- Born: Carl Bertil Andersson 7 March 1924 Järvsö, Sweden
- Died: 14 July 2019 (aged 95)
- Genres: Christian hymns
- Occupation(s): music teacher, composer

= Carl Bertil Agnestig =

Swedish music teacher and composer (1924–2019)

Carl Bertil Agnestig (né Andersson; 7 March 1924 – 14 July 2019) was a Swedish music teacher and composer.

He was son to engineer Anders Ruben (Andersson) Agnestig (1897–1982) and Karin, née Grahn (1904–1990).
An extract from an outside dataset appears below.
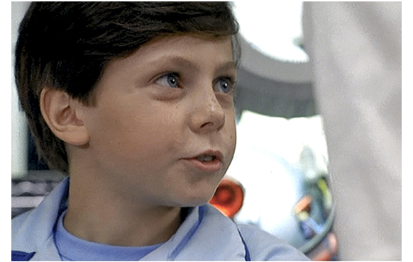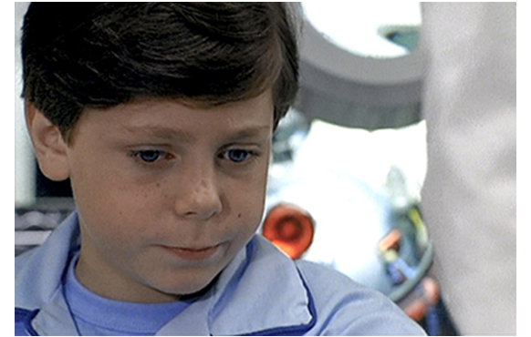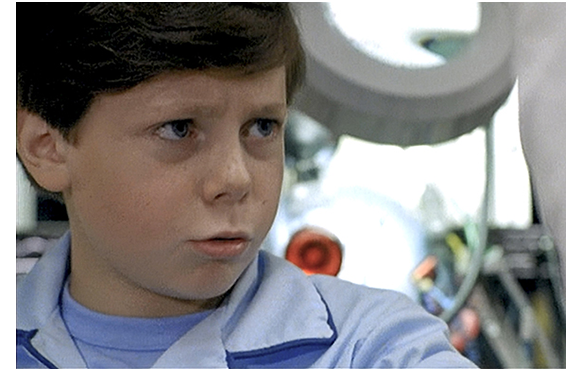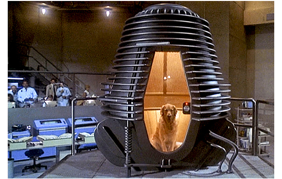 最初は、見つけて喜び(1枚目の写真)、犬に手を振っているが(2枚目の写真)、実験が始まり、犬が分解され消えると、何事かとびっくりする(3枚目の写真)。実験担当者が、もう一方のポッドを見に行く。どうなったかと、固唾を呑むマーティン(4枚目の写真)。「成功だ。中で動いてる。まだ 生きてるぞ」の声に喜ぶが(5枚目の写真)、すぐにDNAが破壊されバケモノと化した犬が襲いかかり、悲鳴を上げる(6枚目の写真)。大好きだった犬の惨めな最期は、マーティンにとって大きな衝撃だった。隠れていたこともバレてしまい、保護者で父親代わりの社長に抱きつく(7枚目の写真)。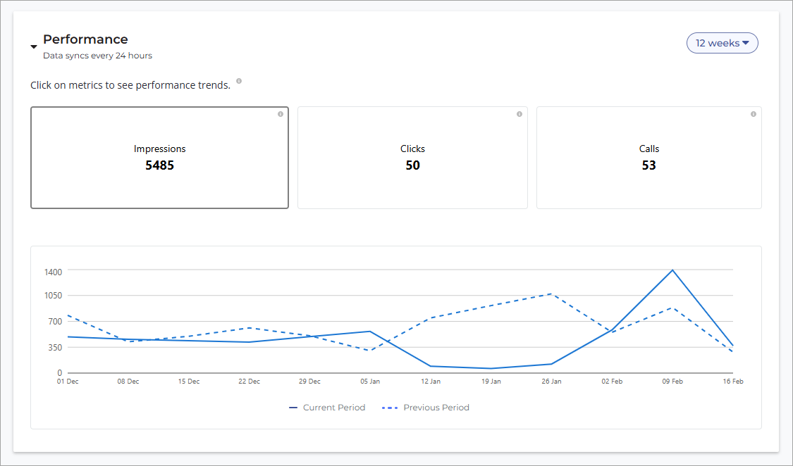 The Performance section will show data for your Enhanced Profiles and Growth Package. Click on the tile for a metric to display it on the graph. The available metrics are:

The family came to Byarums parish in Småland in 1928, and finally settled in Nacka in 1930.

Agnestig graduated Master in Education in Music from the Royal College of Music in 1946. He became music teacher at Uppsala's music school in 1947, at Nacka music school 1948, director of studies 1959, and temporary principal in 1966. He was union secretary at the Swedish Association of Municipal Music Instructors (RSM) in 1959, member of the cooperation committee for the music educator association from 1962 and of the Swedish Teachers' Union council in 1966.

He is known for music-instruction books and has written several songs, one of the more well-known is Adventstid. He's represented in Den svenska psalmboken (1986) with two works.

Carl-Bertil Agnestig was married for a time with Alfhild Kerstin Linnéa Burman (1920–2010) before he married Agneta Åkerfeldt (born 1932). Agnestig has two sons.